Cependant, le talentueux Tanguay n’avait pas anticipé l’évolution des camions de pompiers. En 1913 la ville a par exemple une voiture à échelles Seagrave de 5,500 livres tirée par un attelage de 5 chevaux (qu’on envisage de remplacer par un « tracteur automobile »). Or avec les décennies qui passent, les véhicules deviennent de plus en plus scintillants et imposants. Les portes, devenues trop étroites, ont rendu la caserne inadaptée, forçant son abandon par les services municipaux. Ce scénario, tristement banal en Amérique du Nord, trouve de nombreux échos à Québec même.
L’ère Lepage: astucieux clin d’œil à la caserne et au théâtre
Abandonné, le bâtiment a dû attendre 1997 et l’intervention de Robert Lepage, metteur en scène et scénographe de renom, pour être récupéré et métamorphosé. Comme il le répétera des décennies plus tard avec le YMCA de la Place d’Youville, le façadisme prédomine : la façade est préservée, tandis que l’arrière est démoli pour créer des espaces fonctionnels pour sa compagnie Ex Machina.
Sur les côtés des rues Bell et de la Barricade, le théâtre arbore un style contemporain, mais reste discret. Du côté de la rue Dalhousie, l’extension se pare d’un décor théâtral qui reproduit fidèlement le style et les teintes de la caserne originelle.
À chaque visite guidée hivernale du Vieux-Québec, je me plaisais à faire deviner à mes clients, depuis le coin de la rue, les matériaux utilisés. L’illusion était parfaite. Ce n’est qu’en s’approchant de la fausse façade et en frappant la surface qu’on découvrait qu’il s’agissait de fibre de verre, et non de brique et de pierre. La surprise et l’émerveillement étaient garantis.
Agrandissement résolument contemporain
Après un peu plus de deux décennies, Ex Machina a cédé la place à la troupe de théâtre jeunesse Les Gros Becs. Suite à un investissement de 37,9 millions de dollars, l’ancienne caserne a subi une seconde transformation de style entièrement contemporain: un cube avec des panneaux gris.
Depuis peu, je présente donc le projet à mes clients. Les réactions sont unanimes : la surprise est bien là, mais l’émerveillement, lui, manque cruellement. Pour certains, c’est l’effroi qui prédomine, pour d’autres, c’est la tristesse. Parfois ils ne me croient pas!

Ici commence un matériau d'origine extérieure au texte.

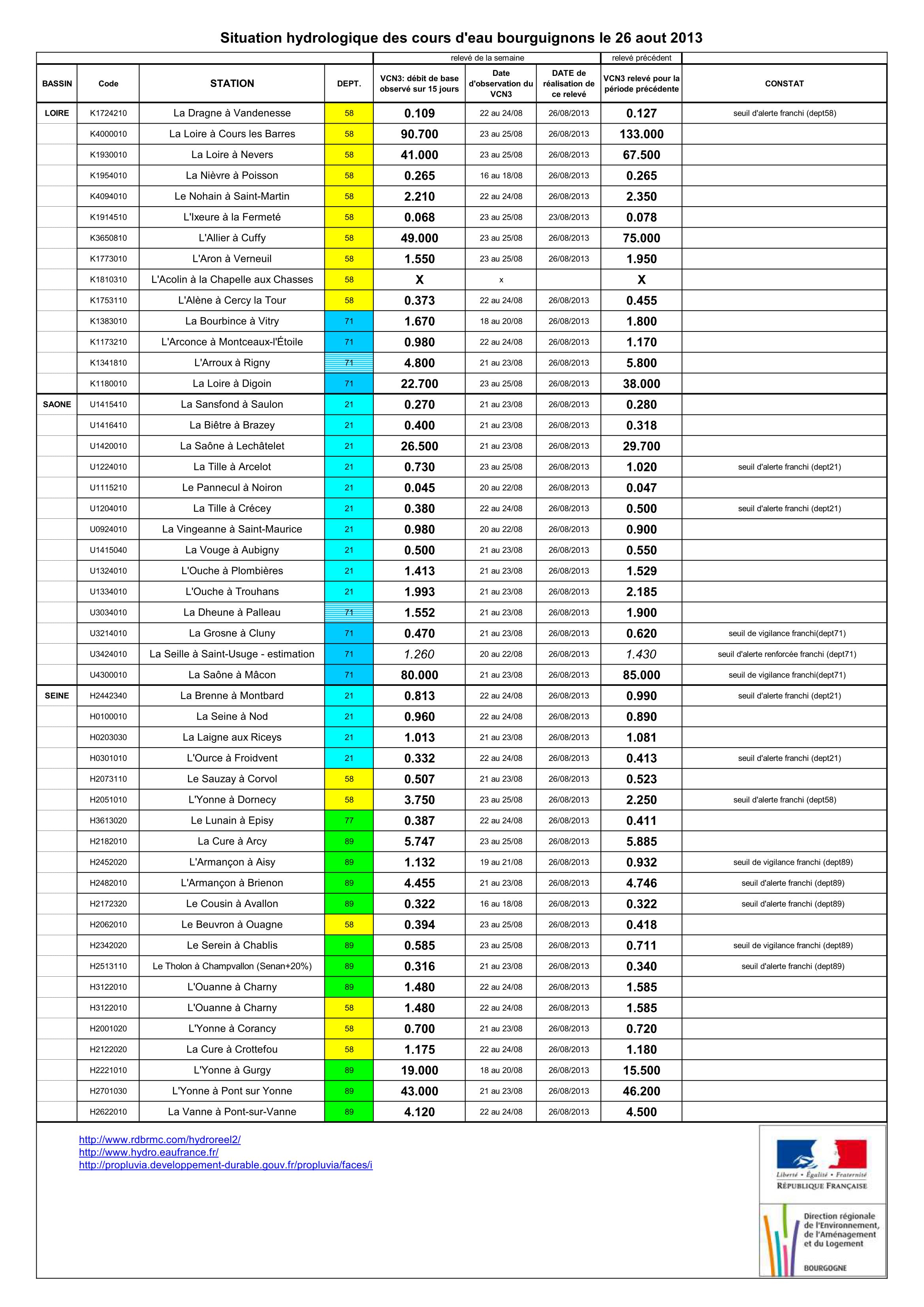Bulletin Sécheresse BFC/Ouest 26-08-2013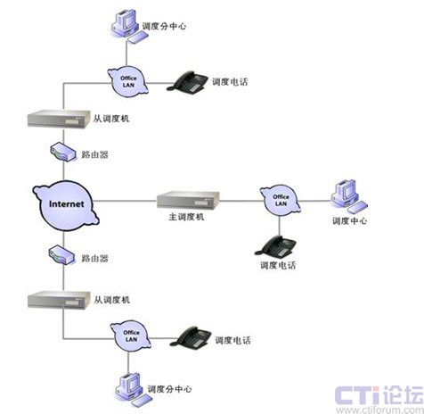 在總部放置一臺(tái)主調(diào)度機(jī)作為整個(gè)調(diào)度系統(tǒng)的核心設(shè)備――主調(diào)度機(jī)可在管理從調(diào)度機(jī)的同時(shí),完成自身的調(diào)度系統(tǒng)功能;在各分支節(jié)點(diǎn)放置從調(diào)度機(jī),使得每一個(gè)分支都擁有獨(dú)立的調(diào)度系統(tǒng),互不影響;從調(diào)度機(jī)通過注冊(cè)到主調(diào)度機(jī)上,可以把分支的調(diào)度情況實(shí)時(shí)上傳給主調(diào)度機(jī),實(shí)現(xiàn)總部的統(tǒng)一管理。若任何一個(gè)從調(diào)度機(jī)出現(xiàn)問題,其他調(diào)度系統(tǒng)不會(huì)受到影響;同樣,如果主調(diào)度機(jī)出現(xiàn)問題,從調(diào)度系統(tǒng)仍能照常運(yùn)行,等主調(diào)度機(jī)修復(fù)后再恢復(fù)連接,上報(bào)調(diào)度信息。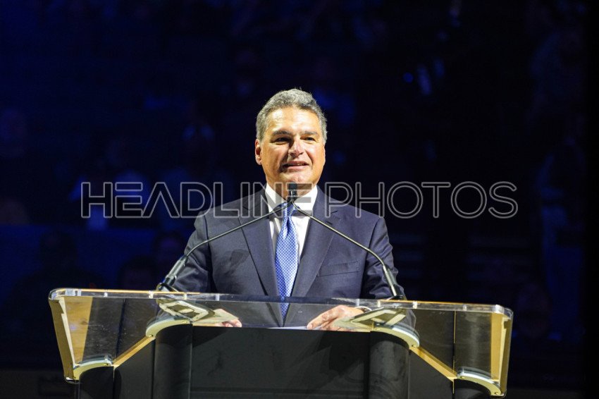 Orlando, Florida, USA, February 13, 2024, Orlando Magic CEO Alex Martins speaks During the Shaquille O'Neal Jersey Retirement Ceremony at the Kia Center. (Photo Credit: Marty Jean-Louis)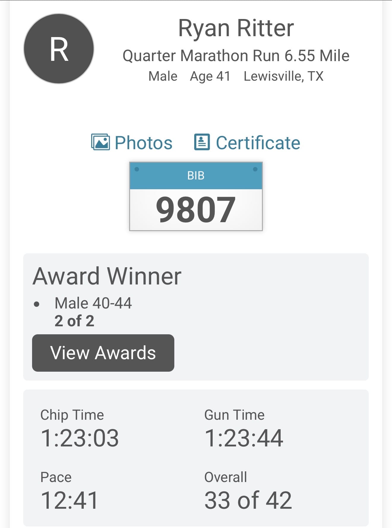 It took two years to finally get down to the running business, but the 10K went down via a quarter marathon because I didn’t realize the two were different. Oh well, bonus three-tenths of a mile or so.
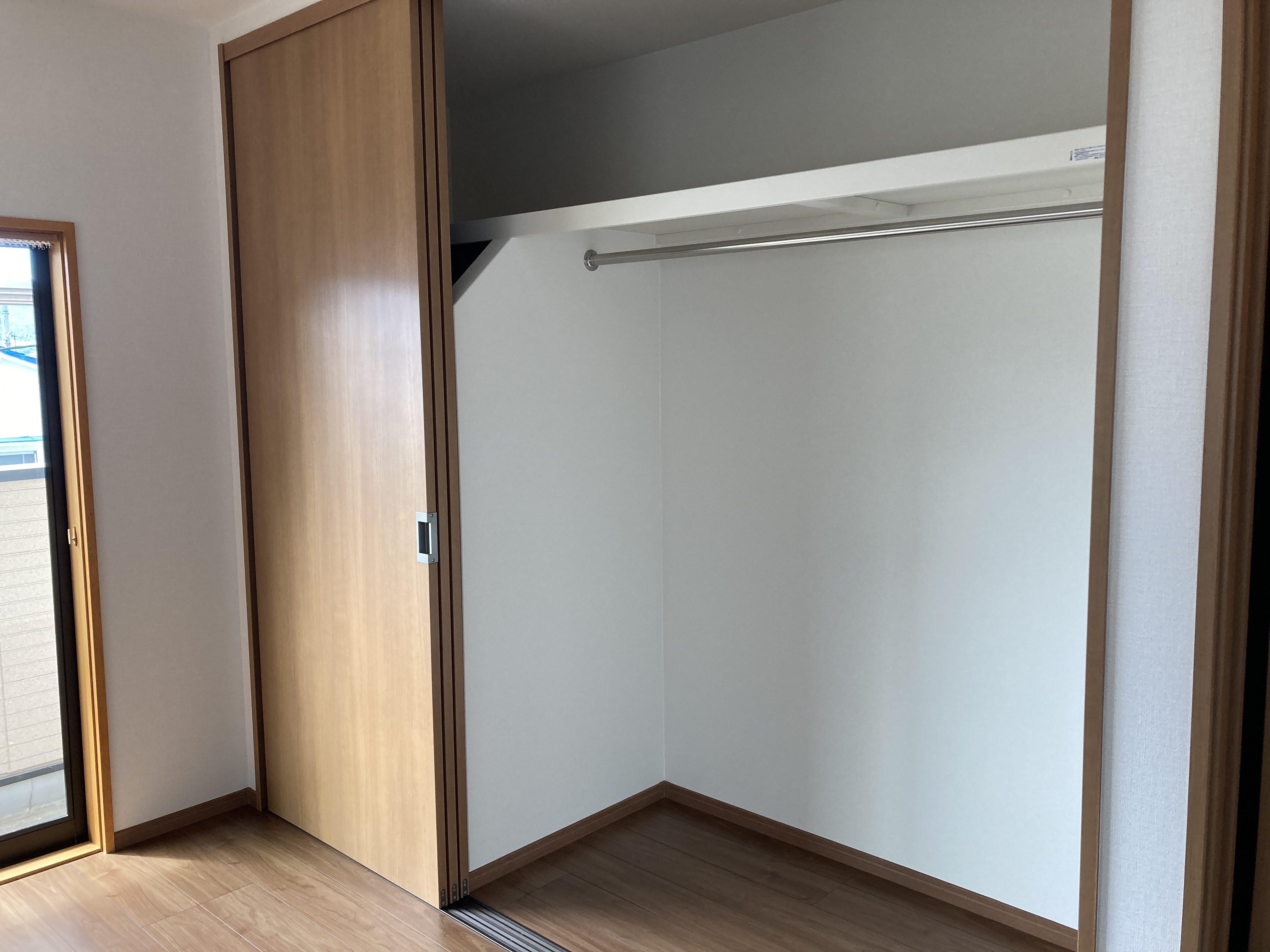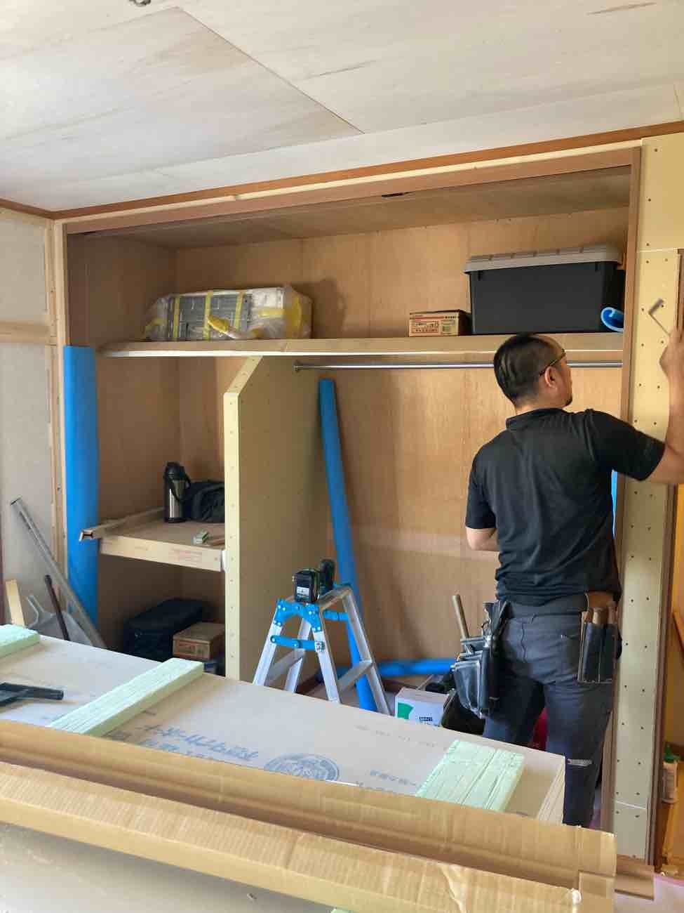押入をクローゼットに改修するにあたり、枕棚(上側の棚)は目いっぱい広げて、

Quel patrimoine pour le futur?
En définitive, la caserne Dalhousie, à travers ses multiples métamorphoses, est devenue le reflet d’un dialogue complexe entre le passé et l’avenir, la conservation et l’innovation. Cette histoire architecturale illustre une tension palpable entre les goûts et les aspirations du grand public et ceux des architectes et des décideurs. Ce fossé, parfois abyssal, soulève une question fondamentale : dans quelle mesure les préférences et les perceptions de la communauté devraient-elles influencer les choix architecturaux et les décisions urbanistiques ?
À chaque transformation de la caserne, nous assistons à une réinterprétation de notre héritage, reflétant les évolutions de notre société et de nos valeurs esthétiques. Toutefois, ces changements, parfois sujets à controverse, nous rappellent que la préservation de notre patrimoine ne se limite pas à une affaire de pierres et de mortier ; elle concerne également le respect et l’intégration des sensibilités de ceux qui vivent et respirent au sein de ces espaces.
Il est également pertinent de se questionner sur l’héritage que nous laissons pour les générations futures. Contribuons-nous à façonner le patrimoine de demain qui inspirera et résistera à l’épreuve du temps, ou risquons-nous de laisser une empreinte architecturale éphémère et sans caractère distinctif?